Antrittsbesuch in Wusterwitz am 13.04.2022

Kurz vor Ostern reiste ich in die verschiedenen Regionen meines Wahlkreises. Am Donnerstag, den 13.04., war ich für meinen Antrittsbesuch bei Amtsdirektor Michael Hase in Wusterwitz. Im Zentrum des Besuches standen die aktuellen Herausforderungen kleiner ländlicher Kommunen, vor denen auch andere Gemeinden in meinem Wahlkreis und ganz Brandenburg stehen. Michael Hase verzichtete dabei auf ein gewöhnliches Gespräch in seinem Büro und führte mich direkt an die Orte des Geschehens.

 

Michael Hase (links) und Jens Borngräber (rechts) erklären mir vor Ort die Problematik der Altbensdorfer Deponie.

 

Zunächst stand ein Treffen mit dem Bensdorfer Bürgermeister Jens Borngräber auf der Altbensdorfer Deponie an. Gemeinsam mit Michael Hase erklärte er mir die Problematik der illegalen Abfälle. Gleichzeitig war Gelegenheit, um über Probleme beim öffentlichen Nahverkehr, der Grundversorgung auf dem Land sowie Solarparkprojekte zu sprechen.

 

 

Anschließend durfte ich die Leiter der freiwilligen Feuerwehren in Rogäsen und Zitz treffen. Diese begeisterten mich durch die stolze Präsentation ihrer Fahrzeuge, Ausrüstung und gewonnenen Pokalen. Gleichzeitig wiesen sie auf notwendige Investitionen hin, um ihre Einsatzfähigkeit weiterhin zu gewährleisten. Die freiwilligen Feuerwehren sind elementar für den Katastrophenschutz auf dem Land.
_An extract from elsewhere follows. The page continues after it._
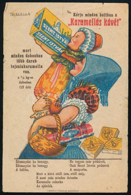 Szent István karamellás kávé számolócédula https://www.darabanth.com/de/444-Fernauktion/444.0/Kunst-Dokumente-andere-Sammelgebiete/Werbungen~500028/Szent-Istvan-karamellas-kave-szamolocedula~II2933531
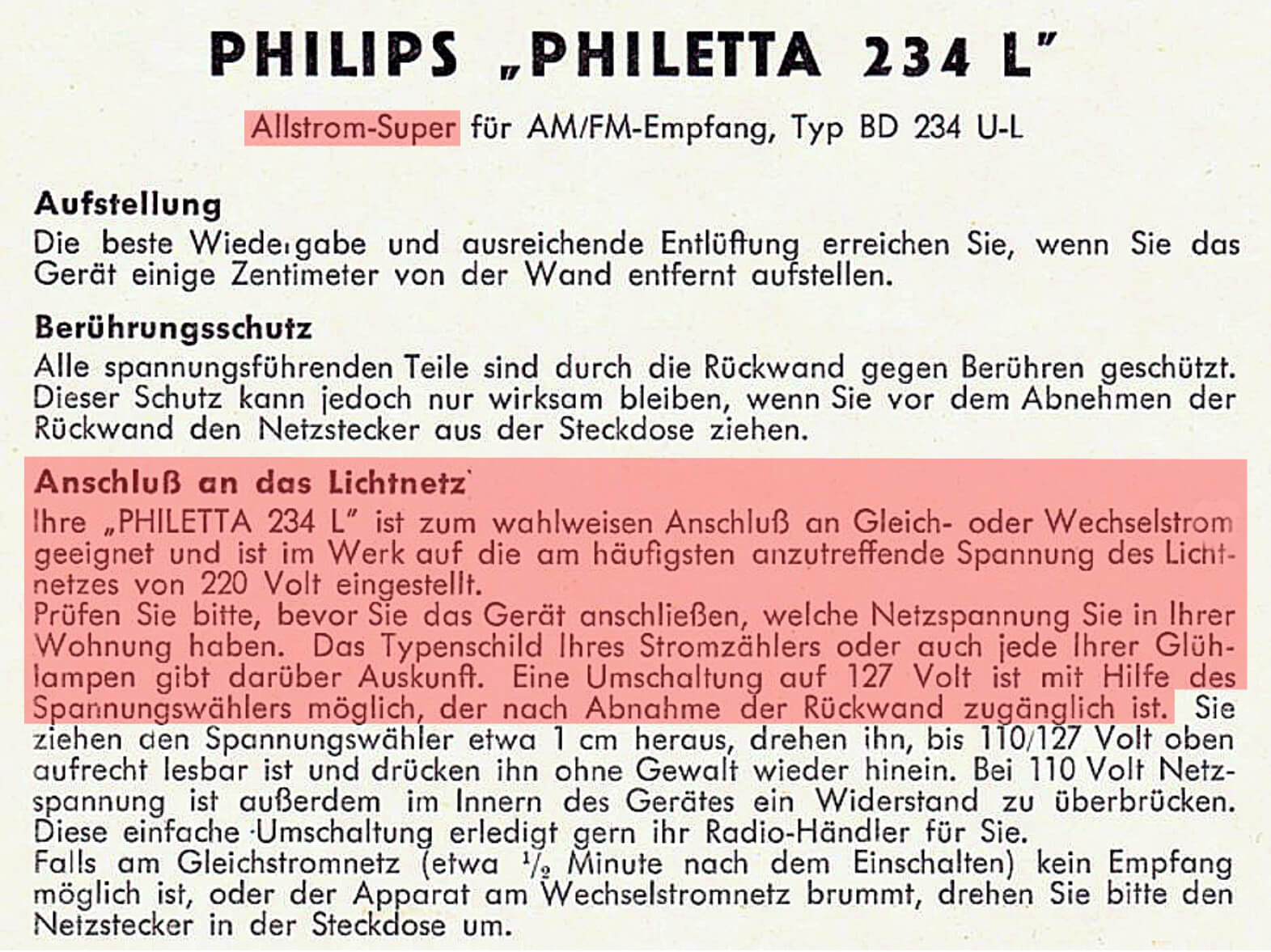 Allerdings gab es noch bis in die Nachkriegszeit in den 1950-Jahren lokale oder regionale Gleich- oder Wechselspannungsnetze mit unterschiedlichen Spannungen (Inselnetze). Die meisten Radiosammler haben trafolose Allstromgeräte in ihrem Fundus, die für den Betrieb an Gleich- und Wechselstromnetzen einstellbar waren und noch in den Gründerjahren der Bundesrepublik gebaut wurden. So steht in der Bedienungsanleitung (Bild 17) des in den Jahren 1954/55 gebauten Philips-Allstrom-Supers ‚PHILETTA 234 L‘ unter „Anschluss an das Lichtnetz“: „Ihre „PHILETTA 234 L“ ist zum wahlweisen Anschluss an Gleich- oder Wechselstrom geeignet und ist im Werk auf die am häufigsten anzutreffende Spannung des Lichtnetzes von 220 Volt eingestellt. Prüfen Sie bitte, bevor Sie das Gerät anschließen, welche Netzspannung Sie in Ihrer Wohnung haben. Das Typenschild Ihres Stromzählers oder auch jede Ihrer Glühlampen gibt darüber Auskunft. Eine Umschaltung auf 127 Volt ist mit Hilfe des Spannungswählers möglich, der nach Abnahme der Rückwand zugänglich ist.“

Mit ihrer Jugendarbeit, ihren Festen und Wettkämpfen bieten sie jedoch viel mehr. Sie sind der Dreh- und Angelpunkt einer lebendigen Dorfgemeinschaft.

 

Michael Hase und ich sprechen über den Viesener Sportplatz.

Den Abschluss der Rundfahrt bildete eine Besichtigung des Viesener Sportplatzes. Dort berichtete Amtsdirektor Hase von den regelmäßig stattfindenden Feuerwehrwettkämpfen und weiteren zukünftigen Nutzungsmöglichkeiten.

 

Die Menschen müssen mit einbezogen werden – Treffen mit der Göttiner Bürgerinitiative am 12.04.2022

In meiner Wahlkreiswoche besuchte ich am Dienstag, den 12. April, die Göttiner Bürgerinitiative Naturnahe Orts- und Stadtteile e.V.. Begleitet wurde ich vom SPD-Stadtverordneten und Regionalrat Ralf Holzschuher. Für den Verein waren Robert Thiele, Nico Seeger und Uwe Gutzke anwesend.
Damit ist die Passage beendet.